We present a method how to detect the $W^\pm H^0 \rightarrow l^\pm \nu b\bar{b}$ in the high luminosity LHC environment with the CMS detector. This study is performed with fast detector response simulation including high luminosity event pile up. The main aspects of reconstruction are pile up jet rejection, identification of $b$-jets and improvement of Higgs mass resolution.

The detection potential in the SM for $m_{H^0} \le$ 130 $GeV/c^2$ and in the MSSM is only encouraging for high integrated luminosity. Nevertheless it is possible to extract important Higgs parameters which are useful to elucidate the nature of the Higgs sector. In combination with other channels, this channel provides valuable information on Higgs boson couplings.

  \end{abstract} 

% if needed, use the following:
% \submitted{Submitted to {\it Physics Rumours}}
  
\end{titlepage}
%==============================================================================

\section{Introduction}

The observation of at least one Higgs boson is an important proof of the Higgs mechanism \cite{HiggsMech} which is introduced to explain the masses of elementary particles. Beside the discovery of a Higgs boson, it is also important to study the Higgs boson couplings. Higgs bosons lighter than 130 $GeV/c^2$ decay mainly to a $b\bar{b}$ pair \cite{HDECAY}. In this note we describe a method to observe a Higgs boson in the associated production channel $W^\pm H^0 \rightarrow l^\pm \nu b\bar{b}$, shown in Figure~\ref{fig:fey_wh}, with leptonically decaying $W^\pm$. Among other production channels with $H^0 \rightarrow b\bar{b}$ decay \cite{THESIS}, the $W^\pm H^0$ channel turns out to have a low signal to background ratio and therefore requires a large integrated luminosity.
\begin{figure}[ht]
\begin{center}
 \includegraphics[width=0.42\textwidth,angle=+0]{fey_wh.eps}
 \caption{\sl $W^\pm H^0 \rightarrow l^\pm \nu b\bar{b}$ signal event at LO.\rm}
 \label{fig:fey_wh}
\end{center}
\end{figure}
The signal and backgrounds are simulated in the high luminosity regime with each event superimposed on an average of 17.3 Poisson distributed pile up events generated with PYTHIA \cite{PYTHIA} (MSTP(2) = 2 , MSTP(33) = 3 , MSTP(81) = 1 , MSTP(82) = 4 and PARP(82) = 3.).

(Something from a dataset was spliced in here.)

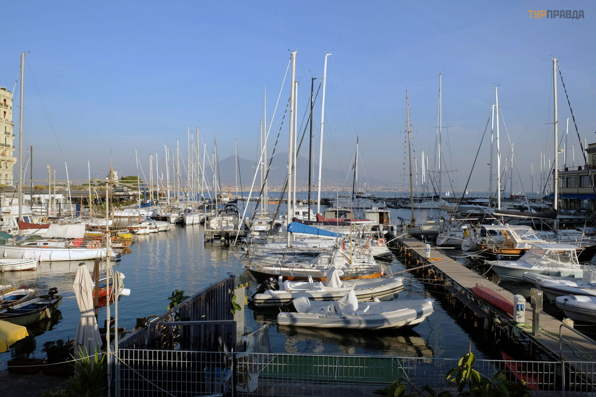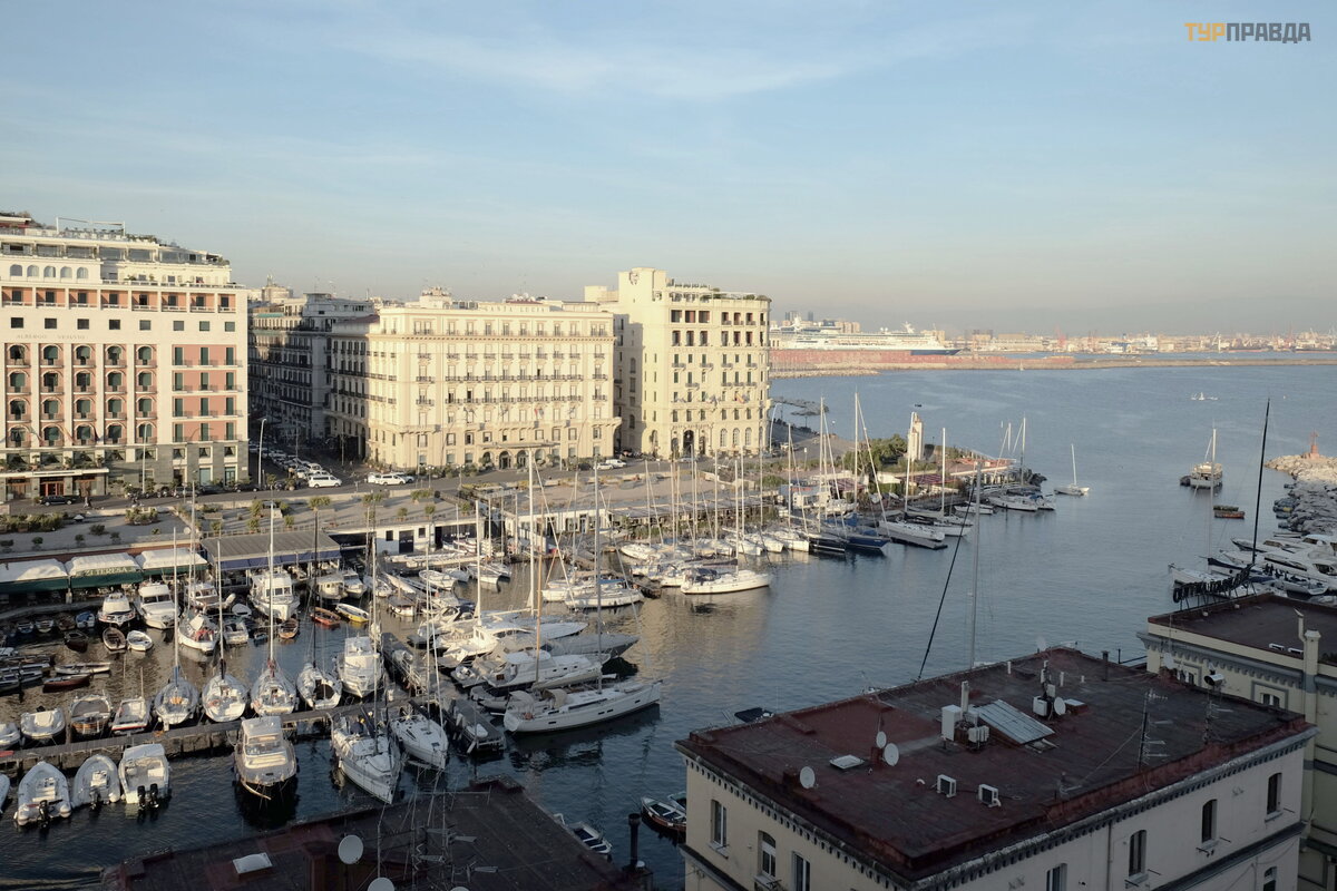 After going around the castle, we exit to the maritime station, where cruise liners moor and ferries leave for Capri and Ischia. The maritime station was built in Naples in 1936 - shortly before World War II by the architect Cesare Bazzani. This is a complex of two completely symmetrical terminals connected by three transverse passages. This structure turned out to be very convenient - soon after the construction of the Naples Marine Station, it turned into one of the largest ports in Europe and remains so even now.

The relevant signal and background cross sections at the LHC ($\sqrt{s_{pp}} = $ 14 $TeV$) and particle masses used in the simulation are listed in Table~\ref{tab:crossections}.

\vspace*{5mm}
\begin{table}[ht]
 \begin{center}
 \begin{tabular}{|lcr|lcr|}
 \hline
 \multicolumn{3}{|c|}{LO cross sections} & \multicolumn{3}{|c|}{masses}\\
 \hline
  $\sigma_{W^\pm H^0_{SM}} \times BR_{H^0_{SM} \rightarrow b\bar{b}}$ & = 
 & 2.51 - 0.41 $pb$ &             $m_{H^0_{SM}}$ & = & 90 - 135 $GeV/c^2$ \\
 $\sigma_{W^\pm Z^0}$ & = & 27   $pb$ &   $m_{Z^0}$ & = & 91.187 $GeV/c^2$\\
  $\sigma_{W^\pm jj}$ & = & 30   $nb$ & $m_{W^\pm}$ & = & 80.41  $GeV/c^2$\\
  $\sigma_{t\bar{t}}$ & = & 570  $pb$ &     $m_{t}$ & = & 173.8  $GeV/c^2$\\
  $\sigma_{t\bar{b}}$ & = & 320  $pb$ &     $m_{b}$ & = & 4.3    $GeV/c^2$\\
 \hline
 \end{tabular}
 \end{center}
  \caption{\sl PYTHIA cross sections of signal and background relevant for the $W^\pm H^0 \rightarrow l^\pm \nu b\bar{b}$ channel and calculated with parton density function CTEQ4l \cite{PDFLIB}. The branching ratio of the $W^\pm$ decay to electrons or muons (= 22\%) is not included in the cross sections of this table. The particle masses are from \cite{PDG98}. The generation of single top ($t\bar{b}$) events can be done in PYTHIA with processes number 2 and 83 by forcing $\sqrt{\hat{s}} >$ 180 $GeV$ \cite{hartmut}.\rm}
\label{tab:crossections}
\end{table}
After the event generation, the detector simulation is performed: FATSIM \cite{FATSIM} is used for the simulation of tracker response and track reconstruction. Track momentum smearing, impact parameter smearing, impact parameter tails and track reconstruction efficiency are taken into account, as well as geometrical acceptances. CMSJET \cite{CMSJET} is used for the simulation of calorimeter response, jet reconstruction, missing transverse energy calculation and lepton smearing. The reconstruction efficiency for leptons (in this study only electrons and muons) is assumed to be 90\%. All parametrisations have been obtained from GEANT based detailed simulations.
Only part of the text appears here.